GET /endpoint/updated_at?param1=a HTTP/1.1
Accept: application/json
Connection: Keep-Alive
Host: something.internal
User-Agent: http.rb/2.0.3
Content-Length: 0

HTTP/1.1 200 OK
Server: nginx
Date: Wed, 31 Aug 2016 22:26:59 GMT
Content-Type: application/json; charset=utf-8
Transfer-Encoding: chunked
Connection: keep-alive
X-Frame-Options: SAMEORIGIN
X-XSS-Protection: 1; mode=block
X-Content-Type-Options: nosniff
ETag: W/"5eef64b6ae16433786f47e7c554d6045"
Cache-Control: max-age=0, private, must-revalidate
X-Request-Id: 12180fc6-1c12-4b4f-998c-df42569ce6eb
X-Runtime: 0.006487

19
{"updated_at":1470393437}
0

It is a chunked response, that I can parse correctly. But Right after the response, my http.rb client will send a FIN TCP-Packet, closing the connection. This happens in Frame 47386 of this following screenshot.

http rb stream

I am not (to my knowledge) closing the connection manually. I am using the HTTP.persistent API. I am writing a line to a logfile when I create such a persistent object, There's the expected amount of lines in that logfile. However, Wireshark reports lots and lots of un-reused http connections.

Here's the bit of code, which is involved.

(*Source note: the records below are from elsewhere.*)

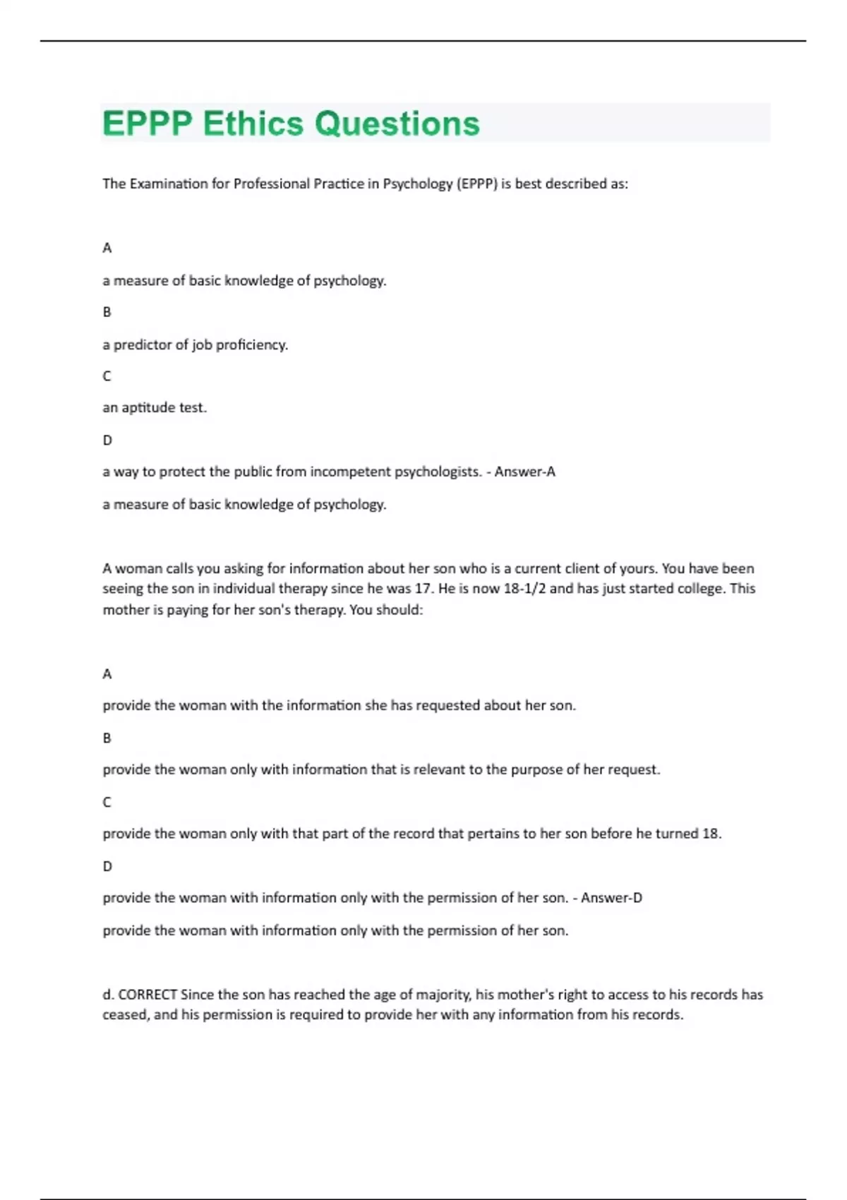 The Examination for Professional Practice in Psychology (EPPP) is best described as: A a measure of basic knowledge of psychology. B a predictor of job proficiency. C an aptitude test. D a way to protect the public from incompetent psychologists. - Answer-A a measure of basic knowledge of psychology. A woman calls you asking for information about her son who is a current client of yours. You have been seeing the son in individual therapy since he was 17. He is now 18-1/2 and has just started college. This mother is paying for her son's therapy. You should: A provide the woman with the information she has requested about her son. B provide the woman only with information that is relevant to the purpose of her request. C provide the woman only with that part of the record that pertains to her son before he turned 18. D provide the woman with information only with the permission of her son. - Answer-D provide the woman with information only with the permission of her son. d. CORRECT Since the son has reached the age of majority, his mother's right to access to his records has ceased, and his permission is required to provide her with any information from his records.Of the cases processed by the APA's Ethics Committee as the result of revocation of a psychologist's license by a state licensing board, the most common complaint processed by the committee is which of the following? A loss of licensure in another jurisdiction B sexual misconduct C breach of confidentiality D issues related to competence - Answer-A loss of licensure in another jurisdiction A review of the reports of the APA's Ethics Committee published in the American Psychologist from 2000 through 2008 reveals that loss of licensure is the most frequent reason for the complaints processed by the Ethics Committee; followed by, in order, sexual misconduct with an adult, inappropriate practice involving child custody, nonsexual dual relationship, and inappropriate practice involving insurance or fees. The court offers a defendant the choice of jail or an in-patient alcohol treatment program after he is found guilty of driving while intoxicated. As the clinician who will be working with the man at the treatment center, you should keep in mind that: A a waiver of confidentiality is not required because treatment has been court-ordered. B a waiver of confidentiality is not required because the man gave up his right to confidentiality by committing the crime. Ca waiver of confidentiality is not required because the man gave up his right to confidentiality by choosing the treatment program instead of jail. D a waiver of confidentiality is required and should be obtained before you release any information about the man's treatment to the court. - Answer-d. CORRECT The usual procedure is for the individual to sign a waiver of confidentiality when he/she chooses the treatment option. However, you would want to check to make sure this has occurred and, if not, you would want to obtain a signed waiver. You suspect a colleague of violating ethical guidelines. To be consistent with the provisions of the Ethics Code, you should: A report the colleague to the local Ethics Committee immediately. B report the colleague to the local Ethics Committee only if the ethical violation is a serious one. C attempt to handle the situation informally by discussing the violation with the colleague and file a report only if he is uncooperative. D either handle the situation informally or file a report, depending on which course of action you believe is most appropriate. - Answer-d. CORRECT Psychologists can either attempt to resolve an ethical infraction informally or file a complaint with the Ethics Committee, depending on which course of action they deem most appropriate. (Of course, it is always necessary to consider client confidentiality first before taking any action, but none of the responses given address this issue.) The provisions of the Ethics Code allow psychologists to use their own discretion about the best course of action in cases where another psychologist is suspected of acting unethically. When a psychologist's work with clients will be supervised: A the client must be told about this arrangement. Bthe client must be told about this arrangement and be given the supervisor's name. C the client must be told about this arrangement only if his/her identity cannot be disguised in discussions with the supervisor. D the client must be told about this arrangement and, when the supervisor has legal responsibility for the case, must also be given the supervisor's name. - Answer-d. CORRECT The requirements for consultation and supervision are different and, even in a supervisory relationship, the information that must be given to the client varies, depending on the exact nature of the supervision. A client must always be told when a psychologist is being supervised but need be told the supervisor's name when the supervisor is legally responsible for the case. An ongoing debate in the literature centers on a therapist's responsibility when working with a client who is HIV-positive and is engaging in risky sexual behavior. A central issue in this debate is: A social responsibility. B client abandonment. C foreseeability of harm. D vicarious liability. - Answer-c. CORRECT In discussing this topic, S. Knapp and L. VandeCreek, for example, note that three issues are involved in the duty to protect: a fiduciary relationship, an identifiable victim, and the foreseeability of harm. They note that the "issue of foreseeability creates the greatest problems with the duty to protect with HIV-positive patients because the research has not identified all the risk factors involved in HIV transmission"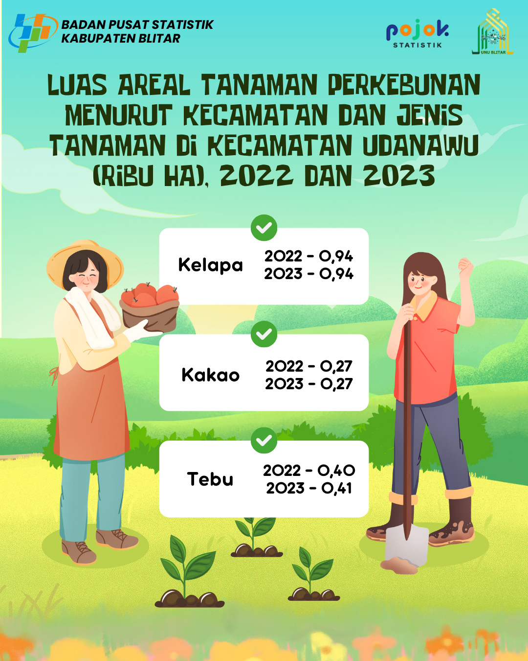 Luas Areal Tanaman Perkebunan Menurut Kecamatan dan Jenis Tanaman di Kecamatan Udanawu (ribu ha) 2022 dan 2023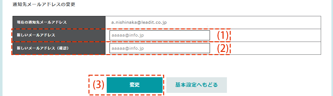 | (3)変更 | 新しく設定するメールアドレスの入力が完了したら「変更」ボタンを押してください。 「変更」ボタンを押すと、変更が完了します。 |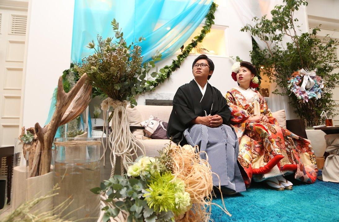 挙式はおふたりの航海の始まりを意味する”オーシャンリースセレモニー”とし、ゲストにもご協力いただきリボンリースを完成させました。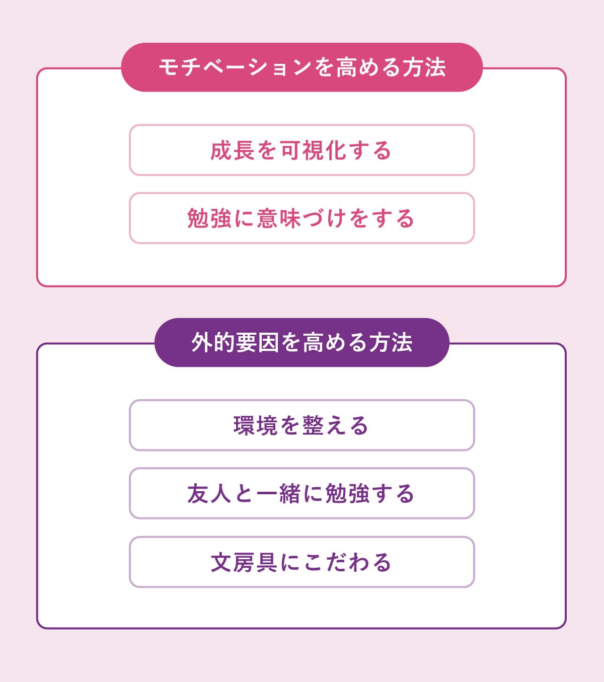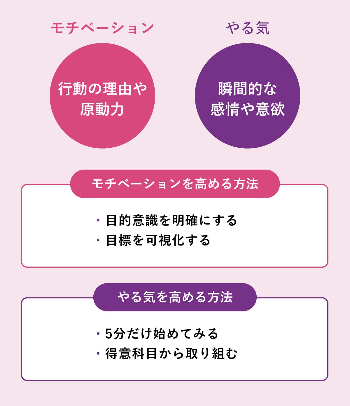 モチベーションを高めたい場合は、目的意識を明確にして、目標を可視化して、自分の内面にアプローチする。やる気を高めたい場合は、5分だけ始めてみる・時間を測って取り組む・得意科目から取り組むなど、前向きになれる行動を取り入れる。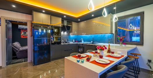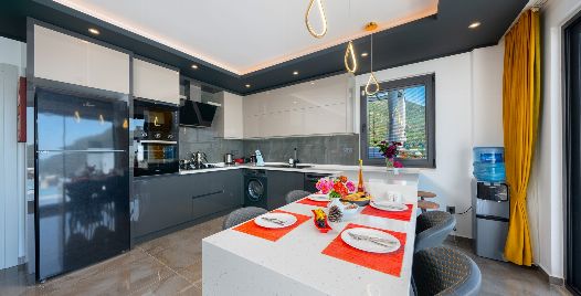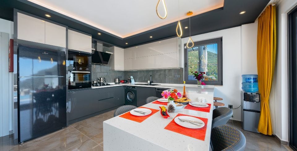 Mutfak : Amerikan mutfak içerisinde buzdolabı, bulaşık makinası, çamaşır makinası, yemek masası, mikrodalga fırın, 4’lü ocak, davlumbaz, fırın, elektrikli su ısıtıcı, yemek takımı, tava ve tencereler, çatal, bıçak takımı bulunmaktadır.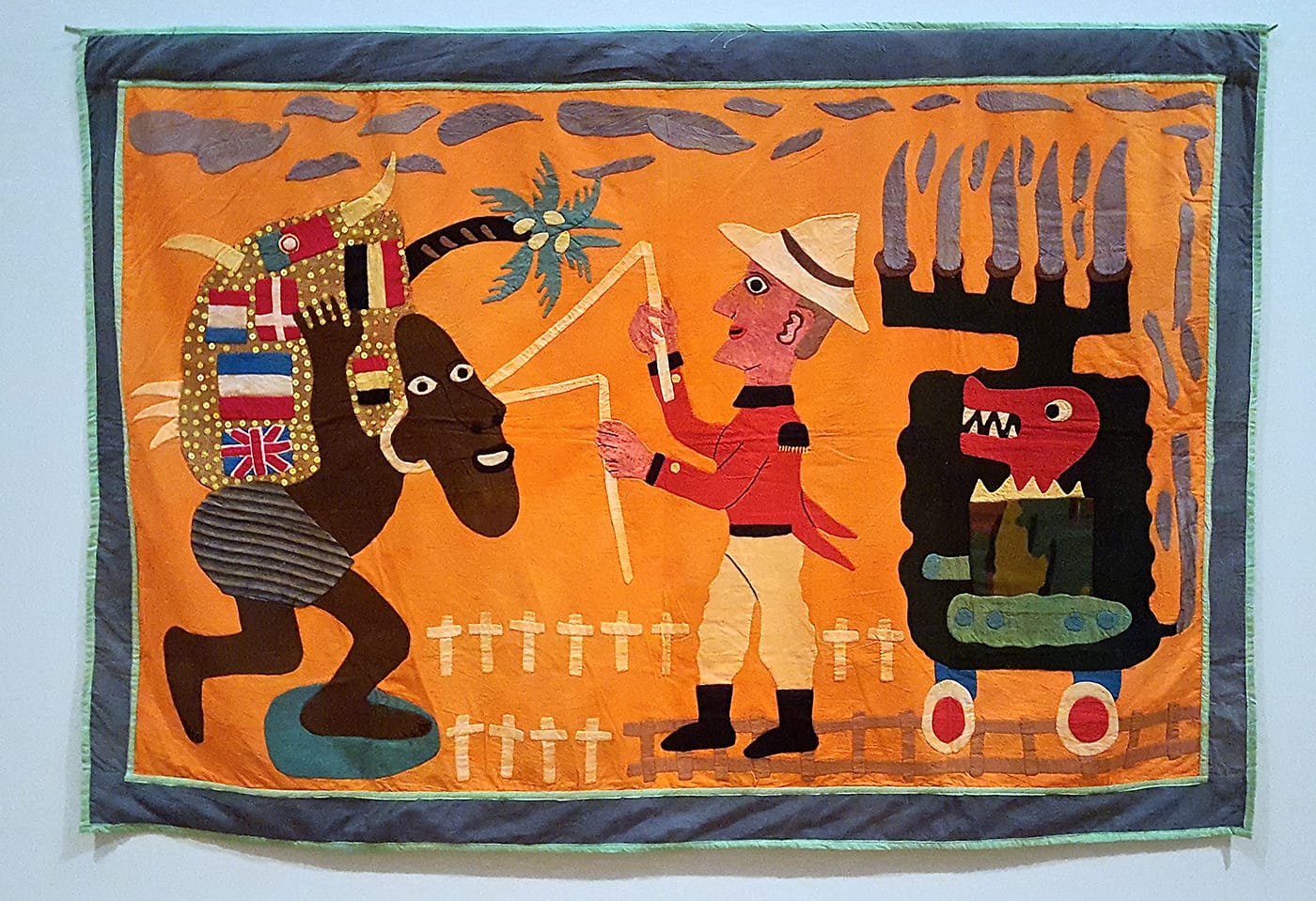 There is an absolutely stunning example from the 2009 series, The Black Ocean, by William Adjété Wilson, which riffs on the traditional medium of Asafo flags, made by the Fante people of coastal Ghana for some 400 years. In Wilson’s flags, which cannily pick up the numbering system by which different Asafo trade companies identified themselves, colonial encounters are documented, using the same bright figuration in piecework as the original flags. The piece “No. 8, Colonization” depicts a African man with a rope around his neck, carrying an ungainly package on his back that holds a jumble of colonial flags, ivory tusks, and a coconut tree. A British figure is leading him past a graveyard of little white crosses, to the foot of a train track, upon which sits a mythological vehicle belching smoke and inhabited by what looks like a small dinosaur inside a camouflaged tank. The image is evocative and readable in its own right, but it is also instantly recognizable to anyone familiar with the practice of Asafo flag-making, and its history as a form of cultural resistance.

It's wrapped into a https://github.com/mperham/connection_pool Which is being used from a Celluloid application.

        def query_api(url, query = {})
          response = @http
            .headers(accept: "application/json")
            .get(url, params: query)

          unless (200..207).cover? response.code
            raise HTTPStatusCodeError.new("Request to #{url} failed (#{response.code}): #{response.body}")
          end

          response.to_s
        rescue *TOLERATED_CONNECTION_ERRORS => e
          response.flush if response
          raise APIError.new(e.to_s)
        end

        def reinitialize_http_connection
          self.logger.info "(re-)initializing scs http connection for #{Thread.current}"
          @http = HTTP.persistent @api_url
        end

I would appreciate pointers where to start debugging.

tarcieri commented 8 years ago

These are the main triggers for closing a persistent connection:

https://github.com/httprb/http/blob/master/lib/http/client.rb#L95

Does this happen every time, or is it spurious? If it's spurious, it's probably http.rb trying to handle and gracefully recover from closed connection errors

ccoenen commented 8 years ago

As far as i can tell from wireshark, I guess this connection close happens every time. I'll look into the triggers a little later, I am on a different project this week.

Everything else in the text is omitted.